Re: POC: Cleaning up orphaned files using undo logs

From: Thomas Munro <thomas(dot)munro(at)gmail(dot)com>
To: Robert Haas <robertmhaas(at)gmail(dot)com>
Cc: Amit Kapila <amit(dot)kapila16(at)gmail(dot)com>, Andres Freund <andres(at)anarazel(dot)de>, Dilip Kumar <dilipbalaut(at)gmail(dot)com>, Dmitry Dolgov <9erthalion6(at)gmail(dot)com>, Kuntal Ghosh <kuntalghosh(dot)2007(at)gmail(dot)com>, Pg Hackers <pgsql-hackers(at)postgresql(dot)org>
Subject: Re: POC: Cleaning up orphaned files using undo logs
Date: 2019-07-01 07:53:26
Message-ID: CA+hUKGKni7EEU4FT71vZCCwPeaGb2PQOeKOFjQJavKnD577UMQ@mail.gmail.com
Views: Raw Message | Whole Thread | Download mbox | Resend email
Thread:
Lists: pgsql-hackers

On Fri, Jun 28, 2019 at 6:09 AM Robert Haas <robertmhaas(at)gmail(dot)com> wrote:
> I happened to open up 0001 from this series, which is from Thomas, and
> I do not think that the pg_buffercache changes are correct. The idea
> here is that the customer might install version 1.3 or any prior
> version on an old release, then upgrade to PostgreSQL 13. When they
> do, they will be running with the old SQL definitions and the new
> binaries. At that point, it sure looks to me like the code in
> pg_buffercache_pages.c is going to do the Wrong Thing. [...]

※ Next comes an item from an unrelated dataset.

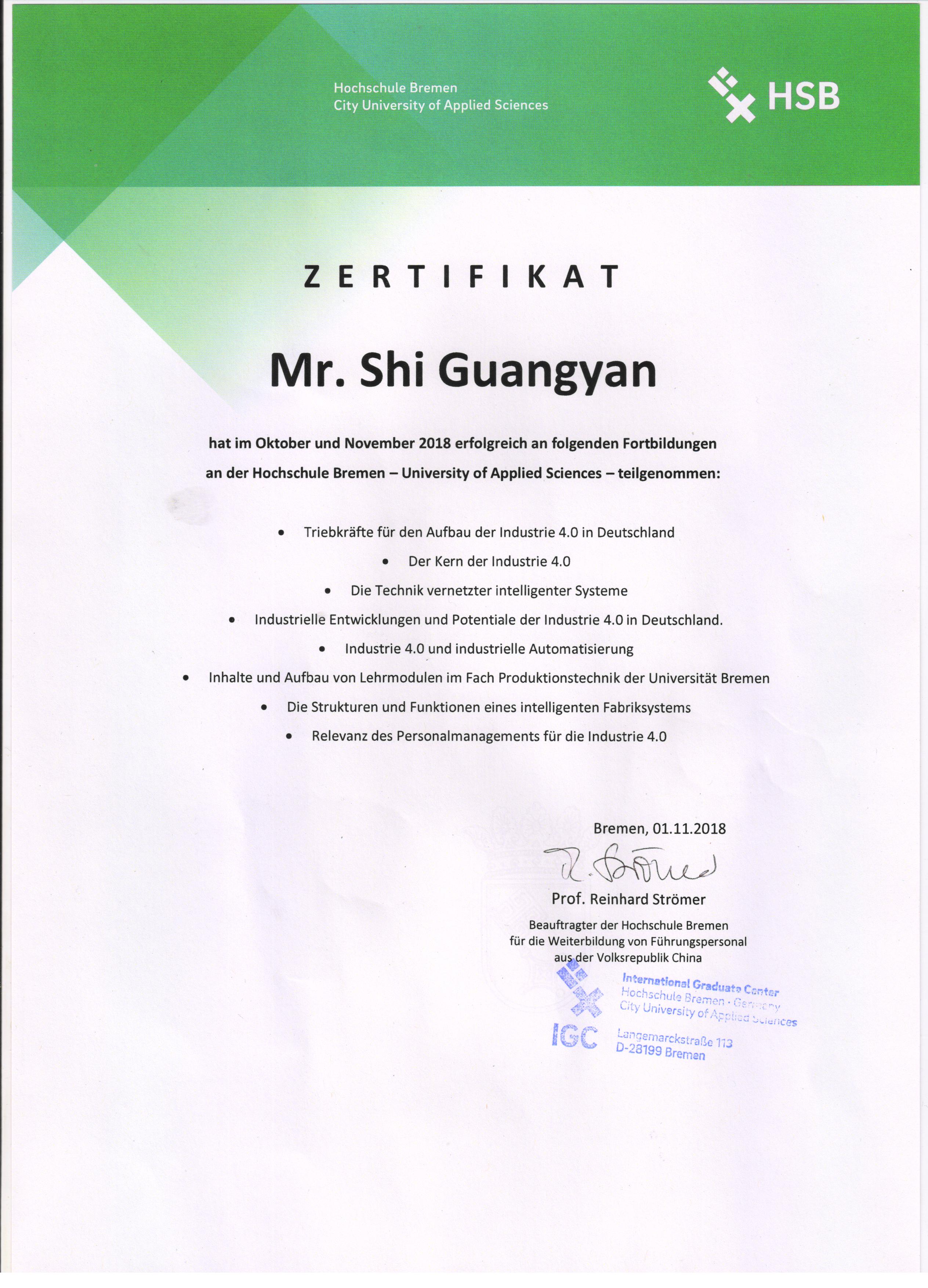 ?史光巖老師參加由甘肅省外專局組織的2018年出國(境)培訓(xùn)項目計劃,前往德國不萊梅應(yīng)用科技大學(xué)參加為期14天的“工業(yè)4.0工廠實驗室建設(shè)培訓(xùn)團(tuán)”。

Yep, that was completely wrong. Here's a new version. I tested that
I can install 1.3 in an older release, then pg_upgrade to master, then
look at the view without the new column, then UPGRADE the extension to
1.4, and then the new column appears.

Other new stuff in this tarball (and also at
https://github.com/EnterpriseDB/zheap/tree/undo):

Based on hallway track discussions at PGCon, I have made a few
modifications to the undo log storage and record layer to support
"shared" record sets. They are groups of records can be used for
temporary storage space for anything that needs to outlive a whole set
of transactions. The intended usage is extra transaction slots for
updaters and lockers when there isn't enough space on a zheap (or
other AM) page. The idea is to avoid the need to have in-heap
overflow pages for transient transaction management data, and instead
put that stuff on the conveyor belt of perfectly timed doom[1] along
with old tuple versions.

"Shared" undo records are never executed (that is, they don't really
represent rollback actions), they are just used for storage space that
is eventually discarded. (I experimented with a way to use these also
to perform rollback actions to clean up stuff like the junk left
behind by aborted CREATE INDEX CONCURRENTLY commands, which seemed
promising, but it turned out to be quite tricky so I abandoned that
for now).

Details:

1. Renamed UndoPersistence to UndoLogCategory everywhere, and add a
fourth category UNDO_SHARED where transactions can write 'out of band'
data that relates to more than one transaction.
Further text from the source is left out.